Николай смутился. Его любимец, охранитель обществен­ного порядка, не желает довольствоваться своей властью: он хочет стать монархом «божьей милостью». Николай пробовал через посла Киселева в самых ласковых выражениях отгово­рить Луи-Наполеона. Конечно, ничего из этого не вышло. Повидимому, Николай окончательно стал на непримиримую точку зрения в этом вопросе под влиянием австрийского ми­нистра Буоля. Буоль доказывал, что можно признать Луи-Наполеона императором, но нужно ему показать, что «монархи божьей милостью» не могут его считать вполне равным себе. Во-первых, он монарх не наследственный: еще актами Вен­ского конгресса 1815 г. династия Бонапартов была объявлена исключенной из французского престолонаследия; поэтому обращение к Луи-Наполеону должно быть не «государь и дорогой брат», а «государь и добрый друг». Во-вторых, остальные монар­хи не могут никак называть его Наполеоном III. Ведь именуя его третьим, они, значит, тем самым признают, что после Наполеона I законно царствовал во Франции сын Наполеона, «Наполеон II», и что, следовательно, Бурбоны, которые занимали престол в 1815—1830 гг., были просто узурпаторами! Николай понимал, что Луи-Наполеон именно затем и надумал называться третьим, чтобы оскорбить память Венского кон­гресса и всех его участников, в том числе и Александра I.

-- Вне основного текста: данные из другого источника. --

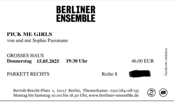 Ich habe ein Ticket für Pick Me Girls von und mit Sophie Passmann am Do. 15.05. um 19:30 Uhr im Großen Haus des Berliner Ensembles abzugeben.
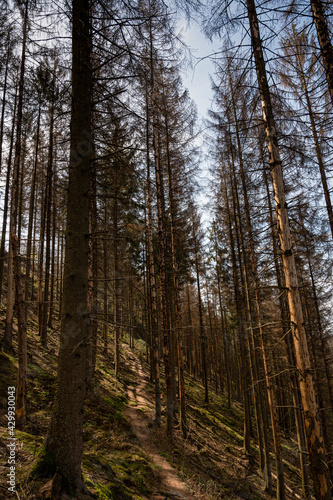 Fototapeta premium Schmaler Wanderpfad bei Sonne im Wald

И все-таки из сообщений прусского посла при петербург­ском дворе генерала фон Рохова явствует, что Николай ко­лебался. Только горячие убеждения фон Рохова, который всецело поддерживал точку зрения графа Буоля, оконча­тельно убедили Николая, что следует настаивать на «добром друге» вместо «дорогого брата» и на титуле «император Луи-Наполеон» вместо «император Наполеон III». А дальше про­изошло следующее: парижский посол Н. Д. Киселев был в большой тревоге из-за неприятной и, как ему уже тогда казалось, небезопасной возни с титулованием нового импе­ратора. Но Нессельроде его успокоил из Петербурга: ведь и Австрия и Пруссия, а не одна только Россия решили пред­ставить свои поздравления и верительные грамоты в одина­ковой форме. Не будет же новый император французов из-за этих мелочей ссориться разом со всеми тремя «восточными монархами». Киселев на время успокоился. Он получил аккре­дитивные грамоты, адресованные «императору Луи-Наполеону», и поздравительное письмо ему же от Николая, начинавшееся об­ращением: «Государь и добрый друг». Но каково же было волне­ние и негодование посла, когда оказалось, что Австрия и Пруссия изменили своему «союзнику» и обратились к новому импера­тору, как к «Наполеону III», со словами: «Государь и дорогой брат». Фридрих-Вильгельм IV отделался каким-то нелепым объяснением перед Николаем, а Буоль, инициатор всей этой истории, оправдывался тем, что его с пути истинного сбила Пруссия. Николай почувствовал, что эта, на вид пустая, история содержит в себе нечто зловещее, и что его довольно коварно обманули те, на кого он положился. В конце декабря происходил в Петербурге обычный декабрьский парад, на ко­тором присутствовал и дипломатический корпус. Вдруг, обра­тившись к послу Пруссии генералу фон Рохову и послу Австрии графу фон Менсдорфу, Николай сказал: «Меня обма­нули и от меня дезертировали!» И австриец и пруссак не по­смели ничего ответить на это неожиданное приветствие.